# yellowtail popping from the shore in Korea



## ksong (Jun 30, 2004)

We planned to fish 2 1/2 days in Chuja Island, Korea. Unfortunately we could fish only one day, but fortunately we could find biting yellowtail.

Biggest yellowtail was 110cm by Tsurusaki San of FCL LABO. I had about 20 lb yellowtail with light Black Hole Magic Eye 731/Stella 5000SW filled with Jerry Brown 40 lb hollow.

We had two sessions on Sept 20. Hot morning bites lasted two hours and Tsurusaki San released at least 20 yellowtail though there were no monsters we were looking for.

We left the island around 10:00 am and rested for late afternoon bites.
We went a different island looking for big yellowtail late in the afternoon. And we found them.
After we lost a few monters, Tsurusaki San finally landed a 110 cm yellowtail on FCL popper.

Detailed reports with pictures will follow.


----------



## ksong (Jun 30, 2004)

After having a meeting with President Kim and director Song of N.S. Black Hole Company in Korea on Sept 10, I tried to find a restaurant to eat dinner, but most restaurants were closed because it was in big holidays like Thanksgivings in the US. Fortunately I found a food/drink town crowded with young peoples.



I chose to eat traditional enchovie anchovies noodle. It cost only $3. 





I left for Cheju Island at 7:00 am on Sept 11. Won to whom I asked to arrange this trip missed the flight. Missed fight means missed terry to Chuja Island and eventually missed fishing.

Fortunately Won arrived on next flight, but it was too late to take a morning ferry to Chuja Island.
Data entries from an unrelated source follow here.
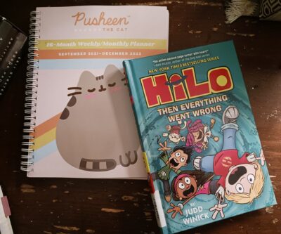 Hilo Volume Five: Then Everything Went Wrong by Judd Winick is a mix of the above. This volume is a “middle of the story” story. This is where more background about our hero Hilo and his friends is given and you are on the way to the top of the climax, but not there yet. We see how the friends can fight some new villains, get new friends, and must deal with Earth’s Government. There are also surprises and typical “boy” humor (though one of the girls is doing the armpit farting…). And even though this book is not the best in the series, there is enough that makes me want to know WHAT THE SAM HOUSTON IS GOING ON! So off to books six, seven, and eight.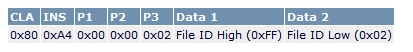 文件選擇命令可打開文件,從而讀/寫文件的記錄。它是一個7字節(jié)命令,格式為: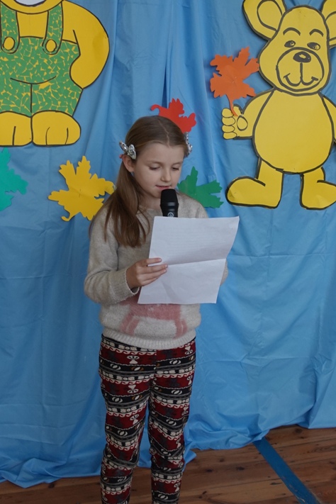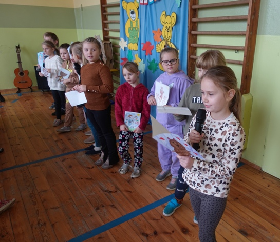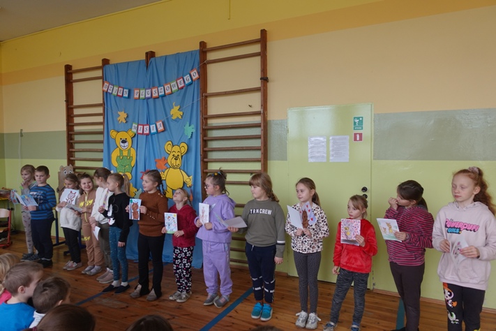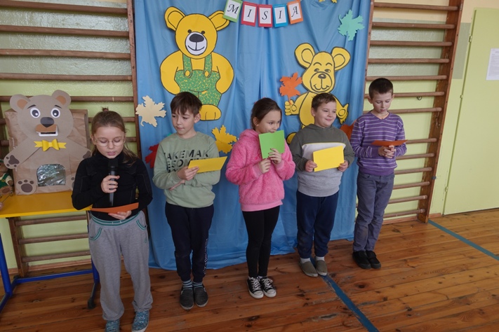 Najpierw wszyscy wysłuchali historii o tym, jak powstała maskotka pluszowego misia, którą pięknie przeczytała Patrycja z klasy pierwszej. Później, przy akompaniamencie gitary, chóralnie odśpiewana została piosenka „Jadą, jadą misie”. Następnie uczniowie klasy drugiej przeczytali ciekawostki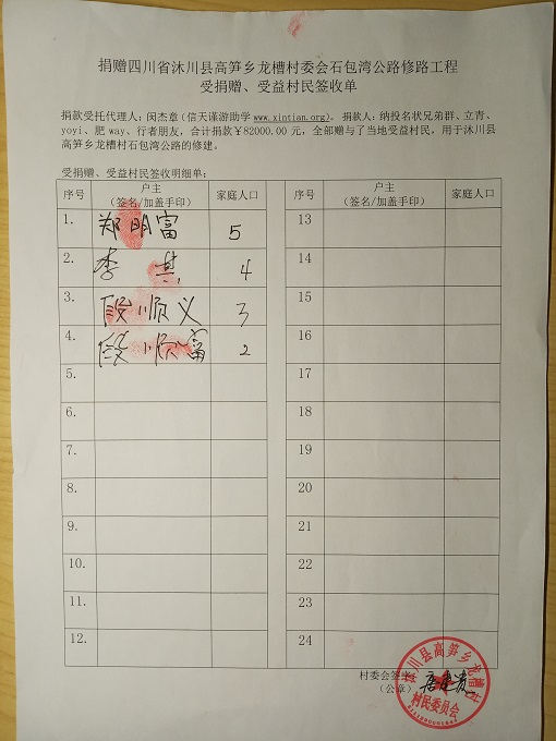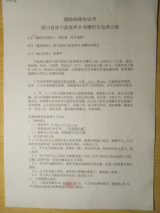 (1)爱心人捐款、村民投工投劳一起修土路,干季可以通车;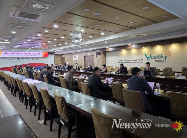 뉴스펀치 김길룡 기자 | 원주시 건강도시 조성 5개년 기본계획 수립 추진을 위한 최종보고회가 지난 11일 시청에서 열렸다. 보고회에는 김문기 부시장을 비롯한 관계 공무원 30여 명이 참석했다.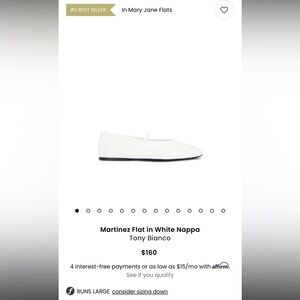 White Nappa leather Martinez Mary Jane flat from Tony Bianco Australia. Like new. Per website, this shoe runs large.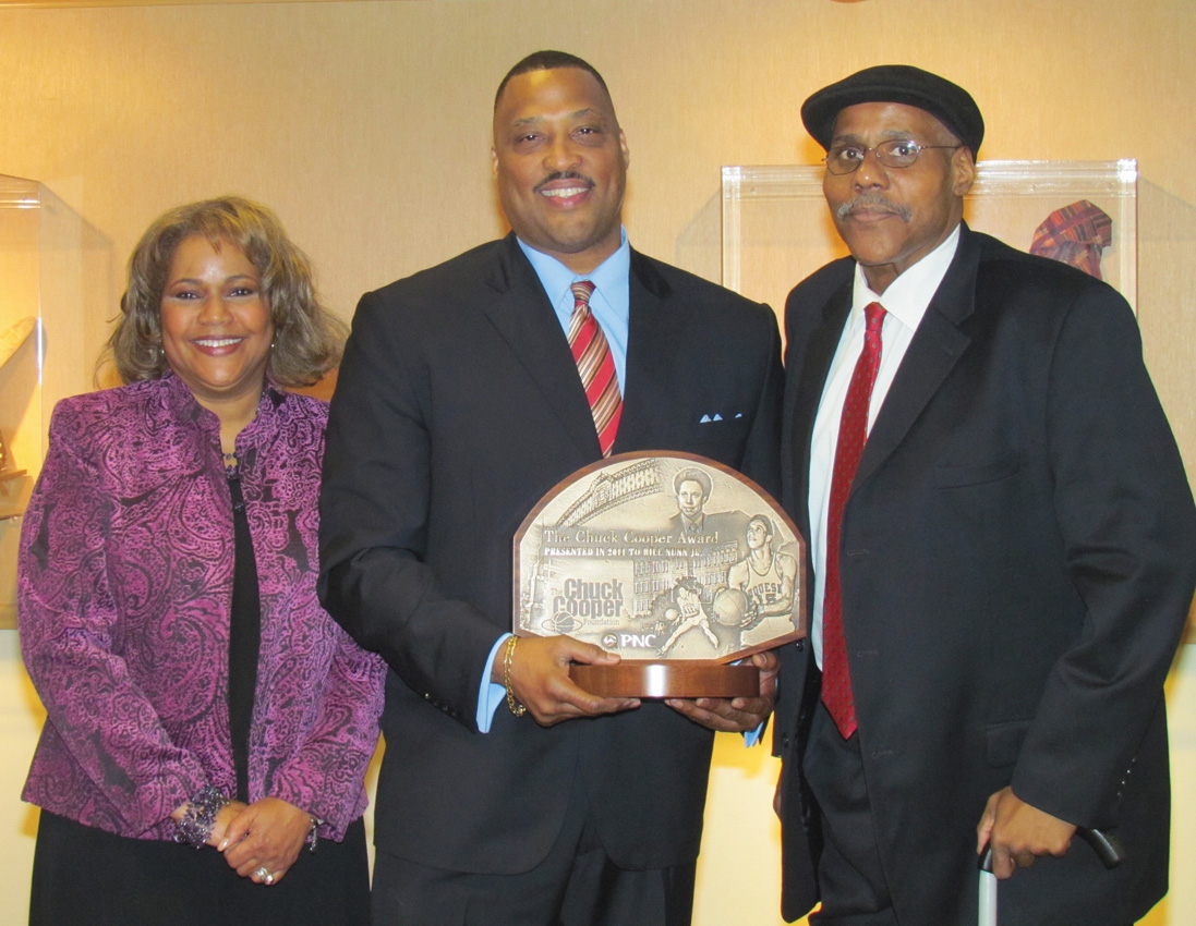| DAUGHTER AND SON—Lynell Nunn and Bill Nunn III accept their father’s award from Chuck Cooper III. (Photo by J.L. Martello) |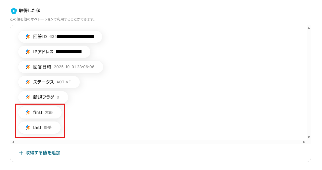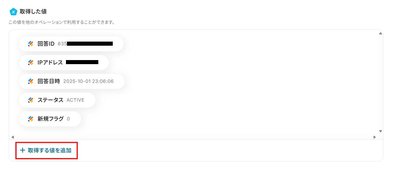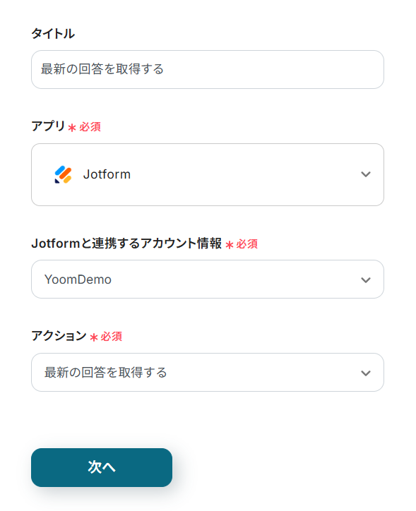 - 続いて、オペレーションでJotformの「最新の回答を取得する」アクションを設定し、フォームの回答内容を取得します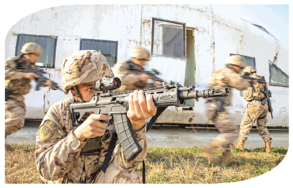 “发现目标,请求歼灭!”对抗演练现场,特情频出。队员在抵近侦察过程中发现“暴恐分子”,指挥员果断下令,全体队员密切协作将“暴恐分子”全部“击毙”。走下演练场,参训队员感慨:“对手强,我们要更强。”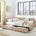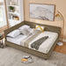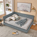 Mid-Century Storage Upholstered Tufted Bed Frame With Backrest And Armrests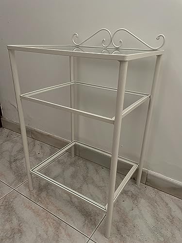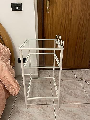 Relax e Design Comodino in Ferro battuto, nero e bianco, 3 ripiani in vetro (Bianco)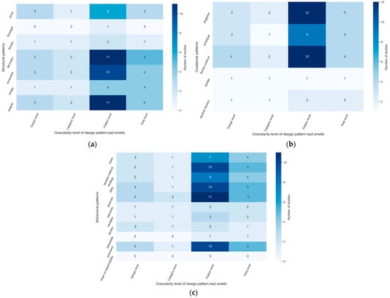 Additionally, to understand the objectives of the study in the DBS research domain, we developed heatmaps to discover the association between the studies’ objectives and the investigated design pattern types. As the GoF design patterns include 23 design pattern types, divided into three design pattern categories, we developed three heatmaps for each design pattern category, as illustrated in Figure 6.
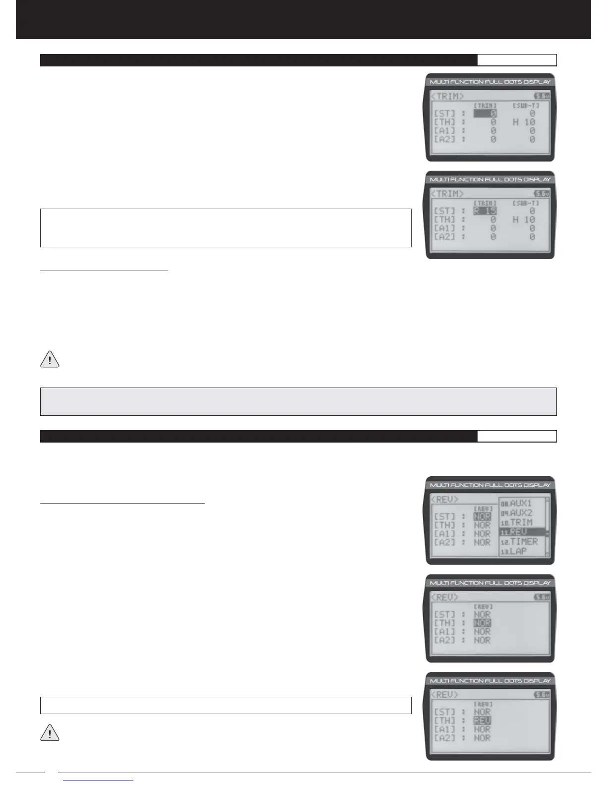 Reversing value for. Choose from either [ST]:NOR (Steering), [TH]:NOR (Throttle),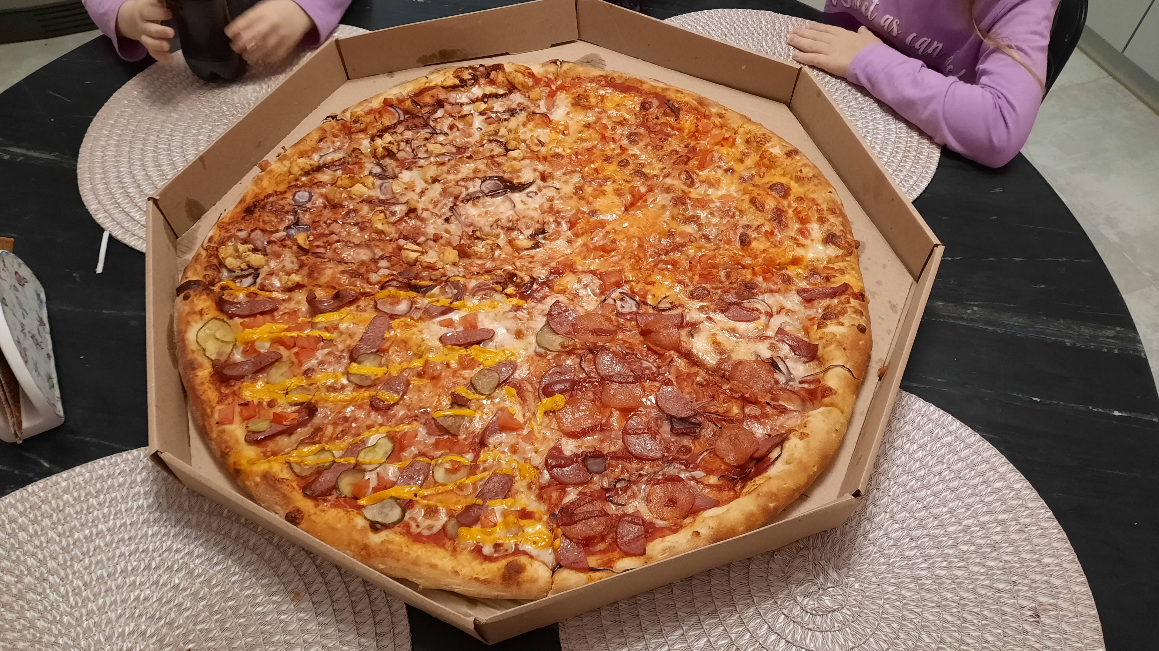 - мега-пицца "Восемь ломтиков" (60 см, 2000 г): моцарелла, ветчина, грибы, колбаски охотничьи, огурец, филе цыпленка рубленое, помидор, пепперони, перец сладкий, салями, перец халапеньо

But it gave me an opportunity to meet Moon who operates a jigging and popping shor in Cheju Island. He is a fishing TV host like Mr Shin. 
Tsurusaki San of FCL LABO arrived the night before and I met him at the airport.







After visiting his shop, we went a local restaurant.


cold squid soup


----------



## ksong (Jun 30, 2004)

After lunch, we went to the ferry station tp Chuja Island.








arrived t Chuja Island after two hours 


Lodge owner Ahn waited for us with a truck.




Chuja Island with about 2000 population is very beautiful.


----------



## ksong (Jun 30, 2004)




----------



## ksong (Jun 30, 2004)

The lodge provided meals for us.




We went suzuki (oriental seabass) near the harbor. We could catch any suzuki with lures, but a fishermen next to us landed three suzuki with worm.


And we went to squid fishing around midnight, but we were rewarded only one squid for two hours fishing. 


It is time to sleep as we leave for yellowtail at 5:00 am tomorrow.


----------



## ksong (Jun 30, 2004)

We left at 5:30 am, but it was too late because other yellowtail popping group occupied all three productive islands. So we had to settle with a island which has little access close to water. 
Popping was very good for two hours after we arrived. Sometimes, 5 - 6 yellowtail followed lures. But sizes were not impressive. 
Tsurusakin must released at least 20 yellowtail for two hours. 
Pencil popper, stickbait or poppers worked all.


----------



## ksong (Jun 30, 2004)




----------



## SwampRat (Jul 30, 2004)

Cool pictures and great report.


----------



## Muddskipper (Dec 29, 2004)

Amazing!


----------



## Ready.Fire.Aim (Sep 22, 2009)

Did he break his rod -in the last photo?


----------



## hog (May 17, 2006)

Absolute wonderful report (as usual) on your world of fishing K...

Once in a life time trip in the making...

What a wonderful fishermans life you are able to live, experience and share with us 

*U Dunn GoouD!*

Hog


----------



## ToddB (Jul 8, 2013)

I am so ready to go to South Korea. We had to delay our plans to go for right now. I am planning on fishing while we are there.


----------